By the time you read this, the World Cup may well be long over – the Germans having beaten someone on penalties. Most of us will have forgotten about tennis for another year and the Football League season could have been running for several weeks. However, even if all those things have happened, Luis Suarez will still be suspended from all football anywhere in the world.
At the time of writing, Suarez has just returned home to Uruguay, having been kicked out of the World Cup for biting an opponent. A lot has been said about what Luis Suarez has done and there have been mixed emotions expressed. I suspect that this could be said ‘not to be the right attitude’, but part of me wishes that he had had his rush of blood when Uruguay played Cost Rica as he might then have been unable to play against England and so wouldn’t have been able to score twice. We would then have qualified from the group and gone on to win the World Cup. Well one can dream.

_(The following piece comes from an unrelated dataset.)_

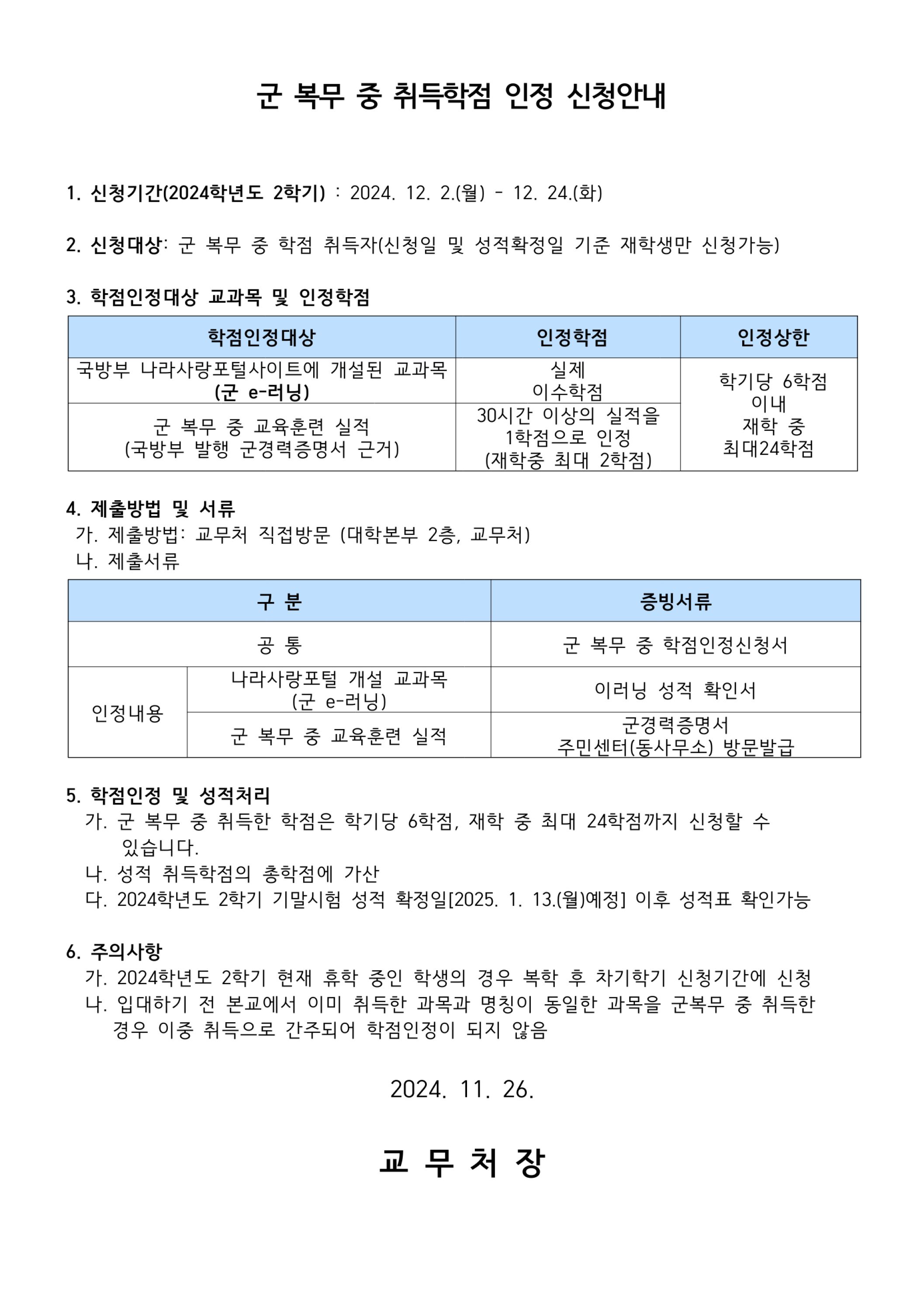 2024학년도 2학기 특별학점(군 복무 중 학점 취득자) 신청 안내

This is not the first time that Luis Suarez has bitten an opponent – behaviour one associates with nursery age children, rather than with a grown man. Perhaps his ‘previous’ gave rise to the 4 month ban, which some have considered harsh. His grandmother has suggested that he has been ‘treated like a dog’, but perhaps dogs that bite are treated more leniently in Uruguay than they are in the UK.

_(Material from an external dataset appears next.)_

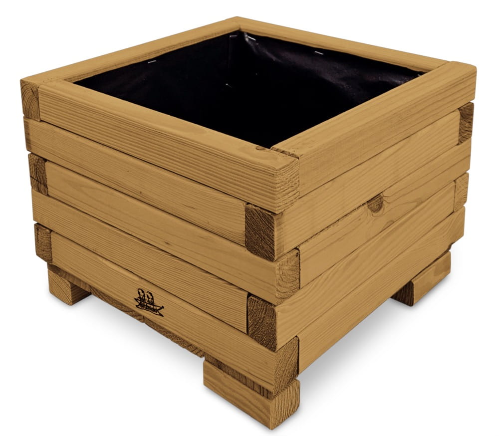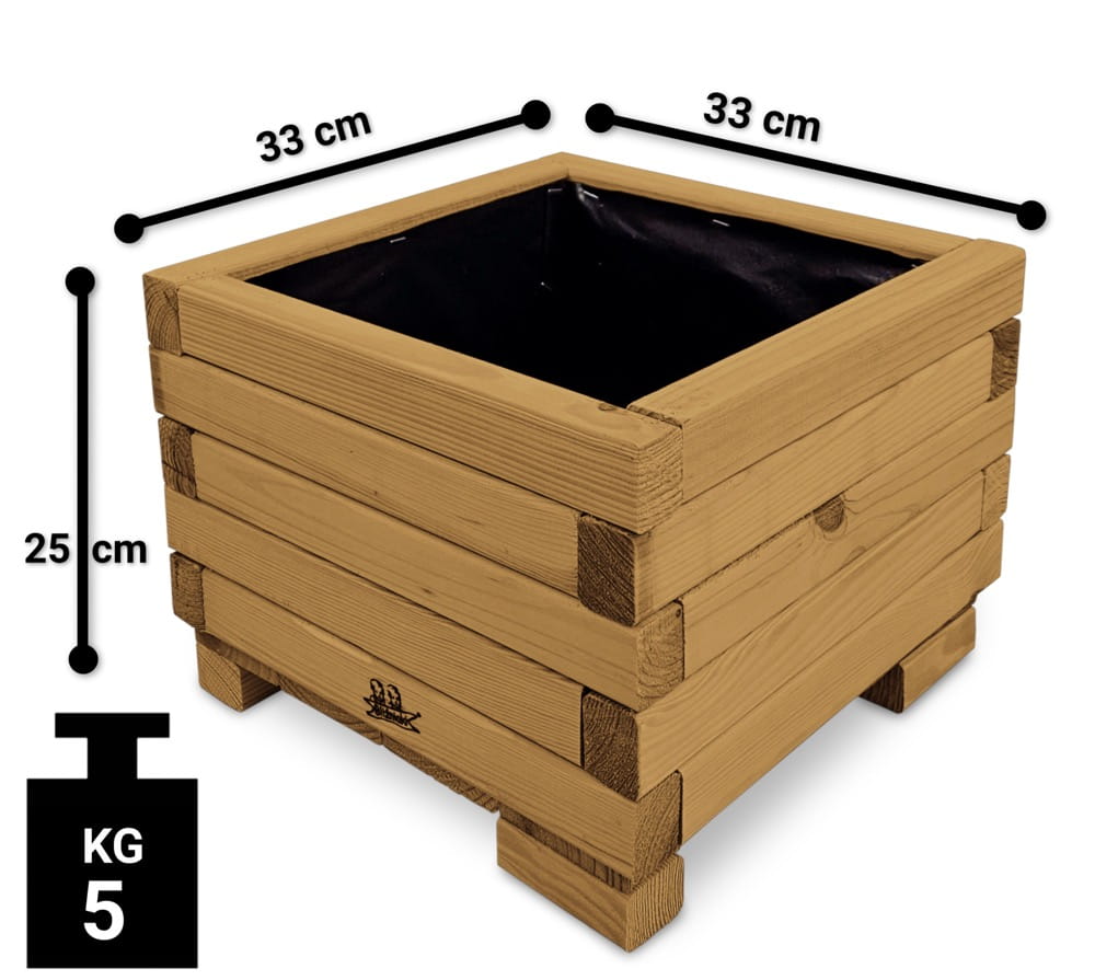 Donice są zabezpieczone w środku folią czarną, która chroni drewno przed wilgocią z ziemi.

Wrong-doing on a football pitch is not always treated as one might expect. Shirt-pulling – which hinders an opponents movement – is often ignored, while spitting at an opposition player is considered despicable and treated severely. Contrast this with much smaller bans handed out for foul tackles which have broken opponent’ legs, or with the sentence of 15 months given to Diego Maradona for failing a drugs test.
Christian people often have similarly warped ideas of justice when it comes to which sins are worse than others. While it may not work in a court of law, or on a football field, should Christian people not make it their policy not to judge between sins on the basis that ‘a miss is as good as a mile’ and ‘all have sinned and fall short of the glory of God’ (Romans 3:23).